=== Recorded data ===

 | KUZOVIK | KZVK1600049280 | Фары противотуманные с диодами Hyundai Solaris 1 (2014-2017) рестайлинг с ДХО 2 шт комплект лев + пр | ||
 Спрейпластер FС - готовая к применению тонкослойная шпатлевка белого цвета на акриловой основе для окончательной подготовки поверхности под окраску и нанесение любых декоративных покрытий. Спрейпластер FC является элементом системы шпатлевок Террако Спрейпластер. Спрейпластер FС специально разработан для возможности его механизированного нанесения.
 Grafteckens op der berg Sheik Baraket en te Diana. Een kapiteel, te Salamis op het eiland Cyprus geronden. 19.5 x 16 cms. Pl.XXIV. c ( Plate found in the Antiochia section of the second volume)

===
=== Recorded data ===

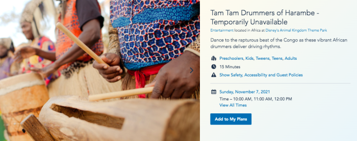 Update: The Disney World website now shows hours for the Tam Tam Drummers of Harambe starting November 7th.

===

> [About this exercise] Restate word for word only the lines above from the line containing "лев + пр | ||" to the line containing "Grafteckens op der", both of them included.

> [Result of this task]
 | KUZOVIK | KZVK1600049280 | Фары противотуманные с диодами Hyundai Solaris 1 (2014-2017) рестайлинг с ДХО 2 шт комплект лев + пр | ||
 Спрейпластер FС - готовая к применению тонкослойная шпатлевка белого цвета на акриловой основе для окончательной подготовки поверхности под окраску и нанесение любых декоративных покрытий. Спрейпластер FC является элементом системы шпатлевок Террако Спрейпластер. Спрейпластер FС специально разработан для возможности его механизированного нанесения.
 Grafteckens op der berg Sheik Baraket en te Diana. Een kapiteel, te Salamis op het eiland Cyprus geronden. 19.5 x 16 cms. Pl.XXIV. c ( Plate found in the Antiochia section of the second volume)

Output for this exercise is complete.